Kempinski deployed a chief heritage officer to spend months in Prague researching the monastery's history before a single brief was written. The result is an F&B concept built around fermentation: The monks historically produced beer, wine, and spirits on the premises. The hotel's own pear liqueur is in development, rooted in the discovery that the pear was the original symbol of St. Augustine's conversion. An absinthe ritual is planned for the bar, a nod to Prague's long relationship with the spirit.
“This is how we are approaching the product development,” Muckermann said. “Deep research — really deep.”

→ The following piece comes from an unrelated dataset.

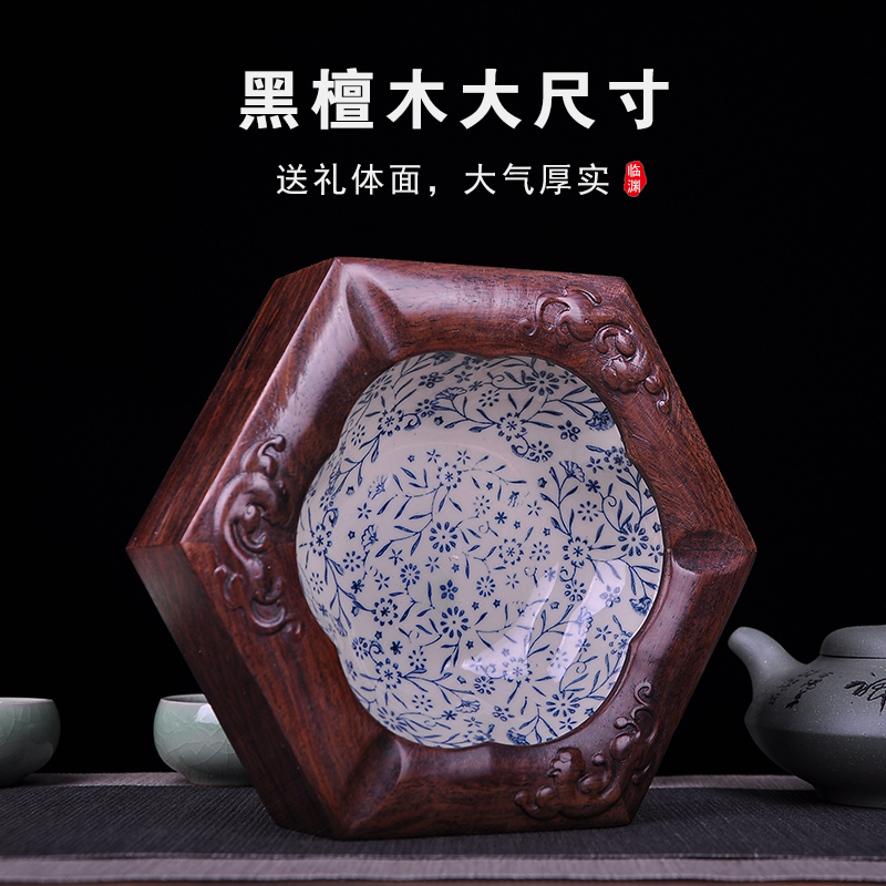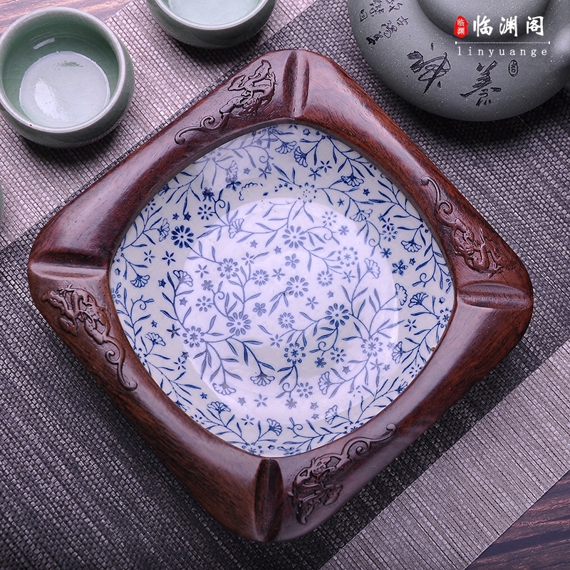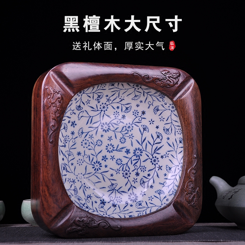 Fashion ashtray New Chinese style creative ebony ashtray High-grade mahogany carving craft gift decoration solid wood ashtray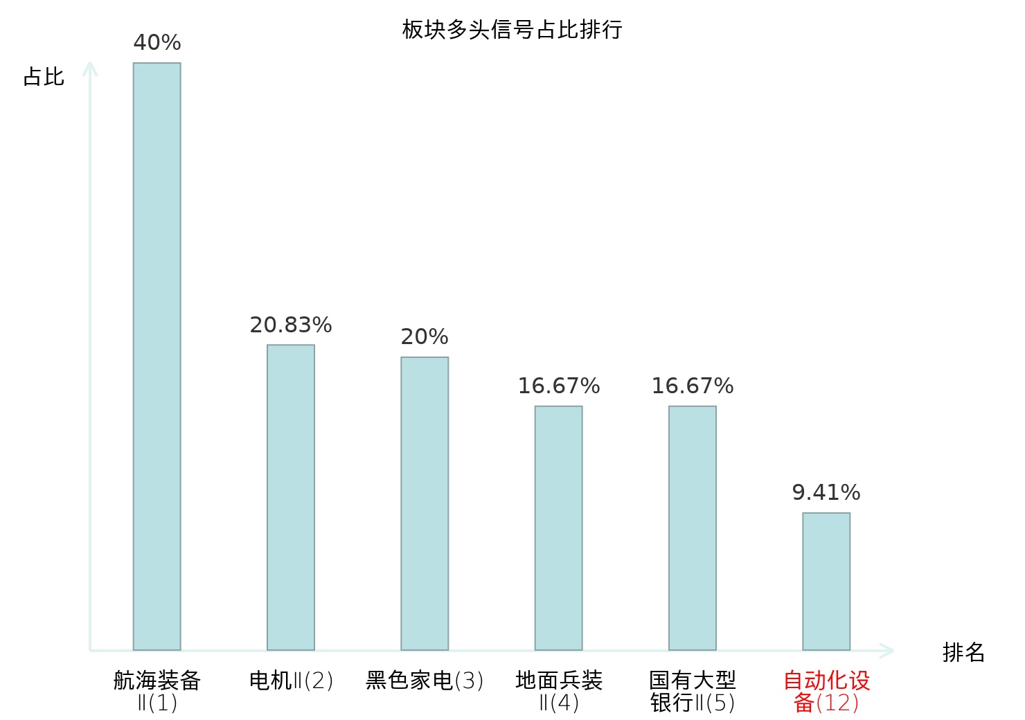 全市场所有行业板块中主力多头信号占比排名中,航海装备Ⅱ板块位居第一。国有大型银行Ⅱ板块名次提升最快,较昨日上升119位。

The Prague acquisition is one thread in a broader strategic recalibration underway at Kempinski.
“Opportunities to acquire hotels like Augustine Hotel, Prague are exceptionally rare,” Muckermann said in a statement accompanying the announcement. “This investment offered a unique and compelling opportunity to secure a heritage asset in a top-tier European luxury destination while also creating a grand showcase for The Good Life as the future of Kempinski as an ultra-luxury brand.”
The “Good Life” framing is intentional. Muckermann has recentered the brand around what she describes as its founding mission, defining luxury not as status or formality but as generosity and joy. Guest rooms at Augustine Hotel may have a “confessional feeling” by the windows, but there will also be a Good Life corner — which Muckermann teased would be the brand’s evolution of the hotel minibar.
On the portfolio side, the international growth strategy is focused on filling geographic gaps, European capitals and luxury leisure destinations chief among them, while deepening presence in areas of existing strength, including Southeast Asia and the Middle East.
North America, long discussed as a frontier for the brand, remains firmly in view. Kempinski's Virtuoso bookings grew 26 percent this summer, Muckermann noted as evidence that demand for the brand among North American travelers is real even without a domestic flagship.
“We do need to have a couple of flagships in North America,” she said, adding that the search for the right assets at the right economics is ongoing. A Kempinski-branded residential development is already underway in Miami’s Design District.
For now, consider Prague the proof of concept and the opening argument.